Darkening Skies (The Hadrumal Crisis)
Page 9
As the Mandarkin had angrily berated him, Hosh didn’t need any omens to tell him how perilous his situation was. He was a dead man if Anskal concluded he was either lying or that he was simply too ignorant to be of continued use as a source of information about these islands.
So he had brought the wizard here this morning, to this sacrosanct hollow beyond the line of ironwood trees some way inland from the pavilions and the hut settlement. To his profound relief, these ancient stones had finally enabled the Mandarkin to grasp his meaning.
‘Each also marks an arc of this earthly compass, where they look for omens of any kind; birds, clouds, some unforeseen occurrence. To give them some answers as to questions of partnership, death, travel?’ Anskal marked out the first quarter of the circle with his pointing finger before cocking his head at Hosh. ‘But these stars are not anywhere close to these stones at the moment. What of that?’
‘I don’t know.’ Hosh hated to say so but there was so much he didn’t understand about the Archipelagans’ philosophies.
‘This is also where they test their slaves?’ The Mandarkin had lost interest, returning once again to the dark stains marring the trampled soil.

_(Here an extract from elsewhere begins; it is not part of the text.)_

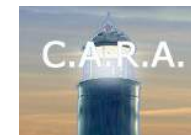
Coalition Against Rape and Abuse

‘Yes.’ Hosh swallowed stomach-churning recollection of the slaughter he had seen here, when newly-chained captives had been set to fight each other. The corsairs had both wagered and read portents into who lived and who had died.
There were days when he still couldn’t believe that he had survived being hurled into such deadly combat. Followed by nights when he dreamed of the half-starved, half-witted unfortunate whom he’d had to kill to live. Hosh kept telling himself that the dead man must surely have been reborn, all unknowing by now. That Saedrin would understand he’d had no choice at all. That was scant consolation when he woke sweating, his heart pounding, his stomach heaving.
‘That is good.’ Once again Anskal was nodding.
Hosh couldn’t decide which was more disturbing; that the wizard so clearly approved of such brutality or that he had recognised these blood stains for what they were before Hosh had begun to explain. What was this distant homeland of his like?
‘All the same, very strange.’ Anskal shook his head in wonderment before turning back to Hosh. ‘Now you will go and talk to those who fled across the island.’
The Mandarkin nodded and turning his back, began walking back towards the shady trees, heading for the huts and the pavilions beyond overlooking the curve of the beach at the head of the anchorage.
Hosh watched him go. The bastard clearly didn’t doubt for an instant that he would be obeyed.
Because the wizard wasn’t wrong, he thought unhappily. As wretched as his life was, Hosh wasn’t yet so tired of life that he’d defy the Mandarkin outright and die in some magical agony before he’d so much as closed his mouth on the words.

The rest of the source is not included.